The dream of an indelible unicorn tattoo came true at the recent Cosmoprof Bologna session this spring, thanks to Prinker. The show showcased a multitude of innovative brands, including Réduit Boost, Beesline and Oquist. Here, a look at these.
Temporary tattoos aren’t just for kids anymore. That’s thanks to Prinker, a compact and lightweight device for creating long-lasting yet easy-to-wash tattoos in color or black and white, at home or in-store.
On the Prinker application, it is possible to choose a tattoo from more than 12,000 designs. People can also create their own designs on the app, which are then turned into tattoos.
Prinker claims to be the first and only cosmetic inks and primers in the world to be fully compliant with the Food and Drug Administration’s Cosmetics Voluntary Registration Program, as well as the European Union’s Cosmetics Notification Portal.
The first iteration, Prinker S, was introduced in January 2020 by the South Korean company. In terms of pricing, it started at $269. Then two years later came Prinker M, a smaller and lighter version, pricing starts at $199. This gadget measures 103 x 55 x 75.5 mm and weighs only 169 grams.
Réduit, a Swiss precision beauty brand, launched Boost in February. It’s touted as the first custom-made skincare device that, as the name suggests, boosts the effectiveness of people’s beauty products based on their specific skin needs.
Reduced, which was launched by Paul Peros and uses pulsed electromagnetic field technology operating in the ultra-low frequency as well as LED light therapy, calls Boost “intelligent universal skin care technology”.
Reduced Boost works with an app. There, users enter information about their skin type, gender, age, and environment. They also scan the barcode of their cream, serum or essence.
According to Réduit Boost’s algorithm, a personalized ritual is then created, and based on the active ingredients present in the chosen skincare products, a specific “waveform” is identified by the technology to push the ingredients. into the skin to the necessary depth.
Reduced claims that this allows the skin to receive the actives it needs and for four times greater absorption than when applied by hand. This is said to lead to five times better overall results in 30 seconds.
In the United States, Reduced Boost sells for $199.
The Lebanese company Beesline was founded in 1993 by Mohamad Arayssi and Maha Arayssi Rifai with the aim of offering an all-natural alternative to chemical cosmetics. Its waterless solutions, ranging from pills to tablets, include Roll-on Coconut WoW Tablet Forever Air Freshener, a compact product that comes in a refillable package.
“We are working to remove up to 80% of water from formulas, turning products into solids or sticks,” said marketing director Hassan Rifai.
Based on apitherapy, product formulations include ethically sourced bee by-products, such as honey, beeswax and propolis, often combined with botanical extracts. Beesline’s commitment extends to protecting beekeepers and supporting the ethical care and development of bees and beekeeping practices.
With prices ranging from $4 to $42, the huge assortment includes everything from lip balms and face and body products to hair care and sun care. Available in 22 markets, the brand has a strong presence in the Middle East, while in the United States, Beesline currently only sells to Anthropology. In Europe, the brand is primarily available online and recently debuted in China.
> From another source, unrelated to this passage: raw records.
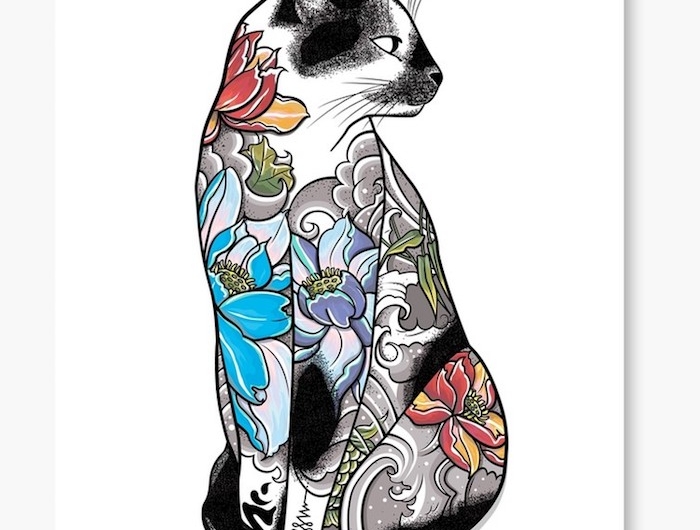 Dessin de chat avec tatouages de fleurs adorable idée tatouage epaule tatouage symbolique fleur de lotus
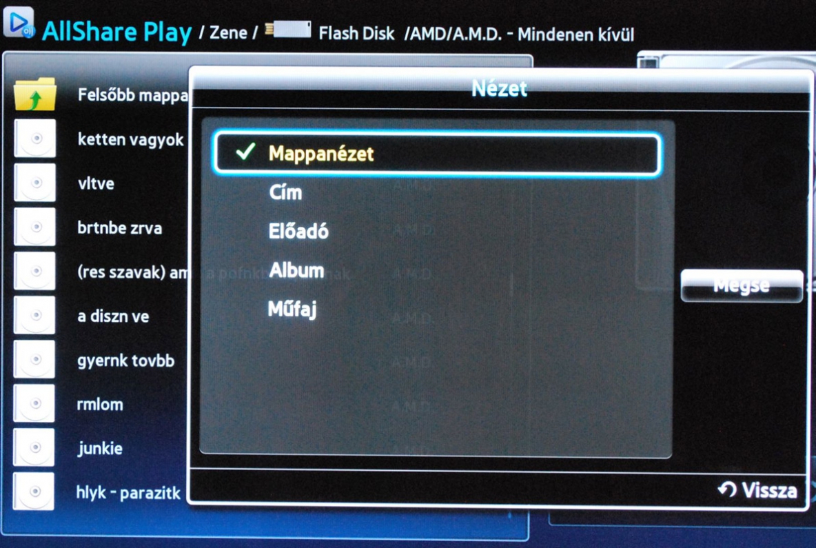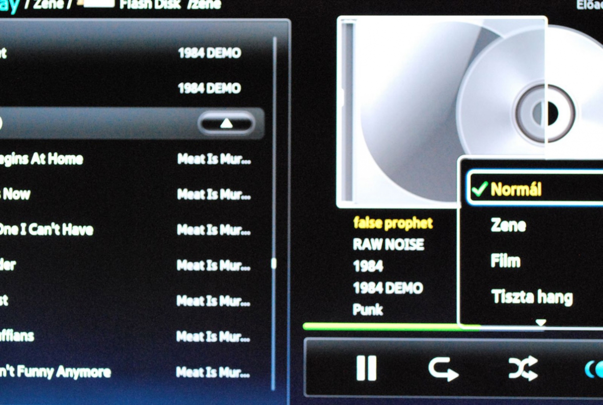 Érdekes, hogy zeneszámok esetén megoldott, hogy több könyvtárból szemezgessen a felhasználó, így remek kis lejátszási lista hozható létre. Lehetőség nyílik arra is, hogy stílus vagy előadó szerint listázzuk ki a fájlokat, azaz értelemszerűen az ID3 tagek feldolgozására és megjelenítésére is képes. Külön lejátszóképernyő nincs, de nem is hiányzik. A kötelező MP3 mellett megoldott a WMA és a FLAC formátumok lejátszása is, amiért pirospont jár.
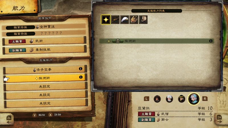 且就算你沒有將職業裝備到欄位上,如果是已經解鎖的職業支援技能,你還可以自由的配置到角色上,例如武僧的「赤手空拳」,就是專門增加空手攻擊力的輔助技能,就算是同樣的職業組合,也可以在這邊玩出差別來。只可惜體驗版最高只能提升職業等級到10等,相信在解鎖更高等的技能時,搭配也會更豐富吧。
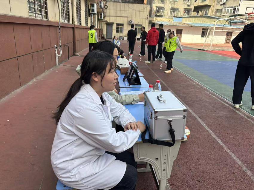 赛场之上,孩子们奋力拼搏;赛场之侧,保障力量温暖守护。汉江街社区卫生服务中心的医护人员全程坚守岗位,坐在场边随时待命,专业的急救箱整齐摆放,为孩子们的健康安全筑牢防线。同时,学校的裁判老师、带队老师也全程在岗,公平执裁、暖心鼓励,让比赛在有序、温暖的氛围中顺利进行。
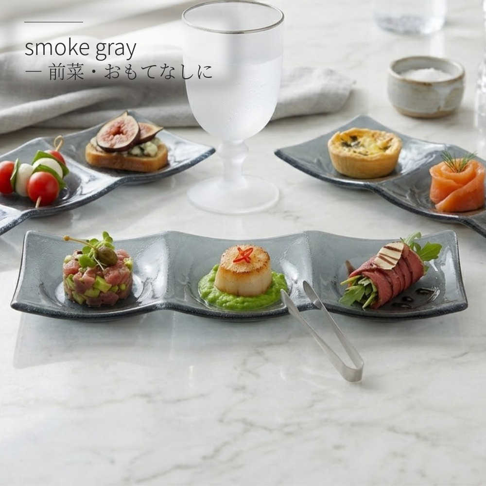 3つ仕切り 三連皿 ガラス 仕切り皿 おしゃれ 30cm 3連菜 四季彩陶器 美濃焼 業務用 シーニュ スモーク 2530395
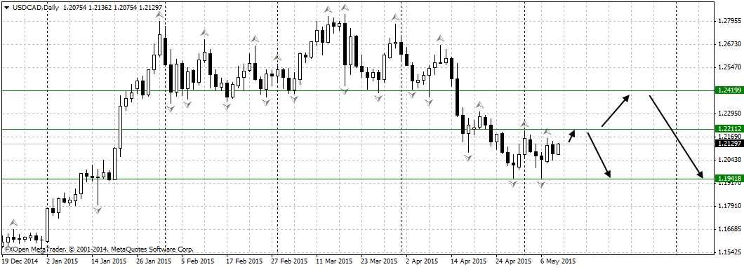Разворотная комбинация по нефти на дневном таймфрейме от 6 мая немного поубавила пыл покупателей канадского доллара. Неспособность цены в очередной раз уйти ниже 1.1940 отправила пару тестировать недавние поддержки на 1.20-1.21. Справится с поставленной перед «быками» задачей помогли новости по изменению занятости в стране за апрель. Показатель упал с -5,0К к -19,7К.
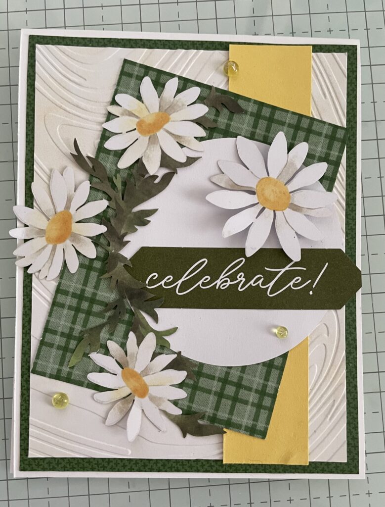 I used an A2 size Basic White card base, a green piece of “To Market” DSP, So Swirly Embossing Folder, another green plaid piece of “To Market” DSP, Daisies from March’s Paper Pumpkin (Daisy Daydream), a circle from Daisy Daydream, the sentiment “Celebrate from The Birthday Mix & Match Combo and some gems from my stash.

Swedish skincare brand Oquist could easily double as an interior design label. Its concentrated, waterless and multifunctional formulations come in terracotta sculptures that give new meaning to reusable packaging.
Launched in September 2021, the brand offers four products each claiming at least five different functions targeting every age and skin type. These include a five-in-one cleansing oil for face and hands, a full-body butter, and an amber extract balm, which debuted this year. Prices vary from 45 euros to 56 euros. The six-in-one serum, touted as an anti-aging solution to reduce the appearance of wrinkles, retails for $99.
Olga Ringquist, who co-founded the brand with her father, highlighted the challenges of adopting a waterless approach, which is mostly about price and the right balance of ingredients.
“Of course, it’s more expensive not to have 70-95% of a free component in your product,” she said, referring to water.
Ringquist chooses to use soothing oils and butters instead.
Oquist is available in a selection of independent shops across Europe and online marketplaces in Germany and Italy, in addition to operating its own e-commerce.
“Right now we’re selling mainly in Europe as well because it’s very convenient for shipping, whereas the UK is a bit [trickier], for example. But the United States and Asia are also interesting for us,” Ringquist said.